Three Dover mayoral candidates share their views

DOVER — Three candidates are campaigning to be mayor of the First State’s capital city: the incumbent, a former mayor and a newcomer.

Regardless of who wins Tuesday’s election, he likely will have to address an ongoing issue: What should be the role of Dover’s mayor?

Last month city council, after flip-flopping from an earlier decision, voted to have all city departments except the city clerk’s office and the finance department report to the city manager. The council will appoint the city manager, who, in turn, will report to the council.

The mayor’s position would remain full time, but without defined responsibilities.

Currently, under the city charter, the mayor is considered the executive and chief official of the city. The mayor is a non-voting ex-officio member of all committees.

The mayor, under the current structure, is the daily overseer of the police department with input in its finances and also personnel matters.

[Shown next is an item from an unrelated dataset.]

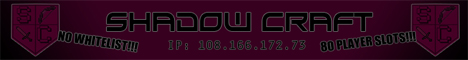 ShadowCraft is a factions/PVP Server that just started and needs players. We are hosted on a dedicated server with no lag so you can have fun without any interruptions. Our server contains a nice spawn, an admin shop, as well as a user market, mob arena, and many more. Some of those are all still in development but, join and get a head start against the rest! Join now to experience the fun!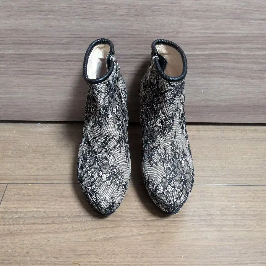 자동 번역되었어요. 원문보기블랙과 베이지 레이스 디자인의 하이힐 앵클부츠.

People can meet the candidates Wednesday at a Candidates Night, sponsored by the League of Women Voters of Kent County, the American Association of University Women’s Dover Chapter and the Modern Maturity Center. The event runs from 7:30 to 9:30 p.m. at the Modern Maturity Center, 1121 Forrest Ave.

The Delaware State News recently surveyed the mayoral candidates — current mayor Robin Christiansen, former mayor Carleton Carey and George Gaudioso — on issues affecting the city.

Carleton Carey  Profession: Retired from Chesapeake Utilities after 25 years Government Experience: Served 10 years on Dover City Council, seven years as mayor of Dover, five years as a civilian representative on the Dover Utility Committee, two years as president of the Delaware League of Local Governments.

Carleton Carey
Profession: Retired from Chesapeake Utilities after 25 years
Government Experience: Served 10 years on Dover City Council, seven years as mayor of Dover, five years as a civilian representative on the Dover Utility Committee, two years as president of the Delaware League of Local Governments.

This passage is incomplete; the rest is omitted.